INFORMATION SHOWN:
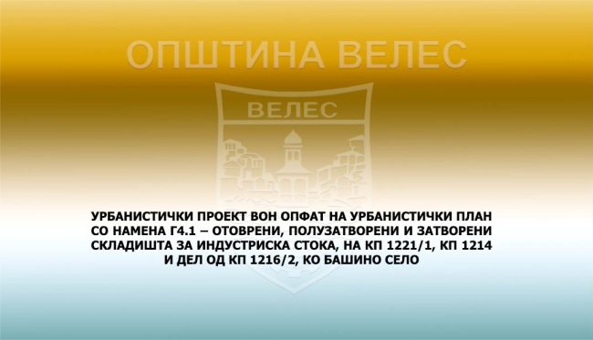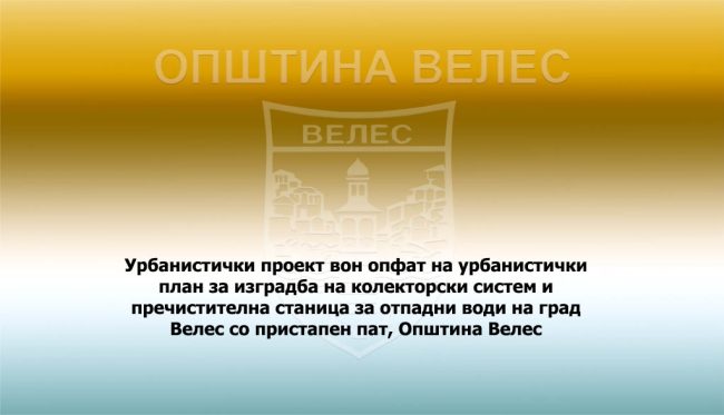 Урбанистички проект вон опфат на урбанистички план за изградба на колекторски систем и пречистителна станица за отпадни води на град Велес со пристапен пат, Општина Велес
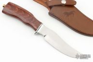 This knife from Colt features mirror polished blade with integral guard, .255" blade stock and 1.287" blade depth, hidden tang construction. The handle has a dymondwood grip with a brass tang nut with lanyard hole. Comes with original box and brown leather sheath. Has some light scratches, otherwise excellent condition.
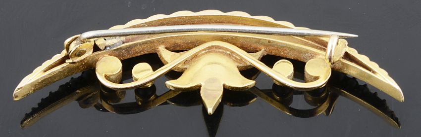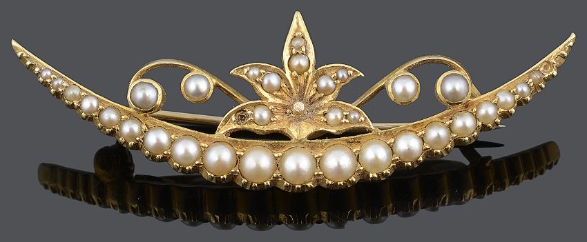 the crescent with graduating half pearls below stylised leaf and scrolls, yellow metal mount test for gold.
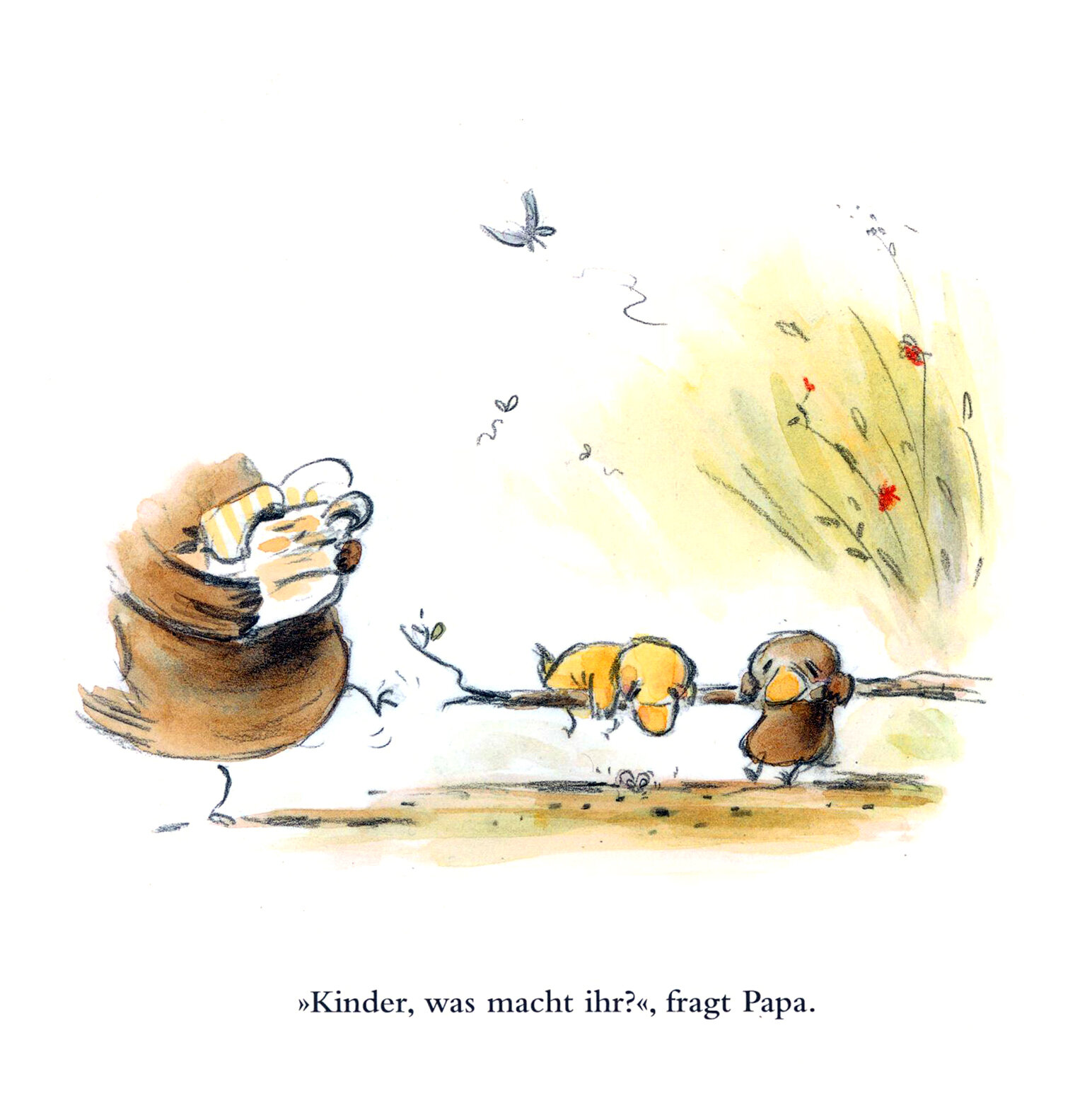 Spielt doch Fu?ball! Geht schaukeln! Macht ein Wettrennen!, ermuntert sie ihr Papa. Nichts gefallt! Selbst als er das Planschbecken fur sie aufpustet, ist ihnen erst das Wasser zu kalt, dann fehlen die Bademutzen. Aber da kommt Spatz und springt ins Wasser. »Der Letzte im Wasser ist ein Angsthase!«, ruft er. Und als dann auch noch ein Pupser zu horen ist, gibt es kein Halten mehr: Der Tag wird wunderbar! Ein Bilderbuch, das zeigt, wie gemeinsam zu spielen immer noch den gro?ten Spa? bereitet.

ABOUT THIS EXERCISE: Each line of the material above should be set down exactly, with no pictures.

YOUR SOLUTION:
 Урбанистички проект вон опфат на урбанистички план за изградба на колекторски систем и пречистителна станица за отпадни води на град Велес со пристапен пат, Општина Велес
 This knife from Colt features mirror polished blade with integral guard, .255" blade stock and 1.287" blade depth, hidden tang construction. The handle has a dymondwood grip with a brass tang nut with lanyard hole. Comes with original box and brown leather sheath. Has some light scratches, otherwise excellent condition.
 the crescent with graduating half pearls below stylised leaf and scrolls, yellow metal mount test for gold.
 Spielt doch Fu?ball! Geht schaukeln! Macht ein Wettrennen!, ermuntert sie ihr Papa. Nichts gefallt! Selbst als er das Planschbecken fur sie aufpustet, ist ihnen erst das Wasser zu kalt, dann fehlen die Bademutzen. Aber da kommt Spatz und springt ins Wasser. »Der Letzte im Wasser ist ein Angsthase!«, ruft er. Und als dann auch noch ein Pupser zu horen ist, gibt es kein Halten mehr: Der Tag wird wunderbar! Ein Bilderbuch, das zeigt, wie gemeinsam zu spielen immer noch den gro?ten Spa? bereitet.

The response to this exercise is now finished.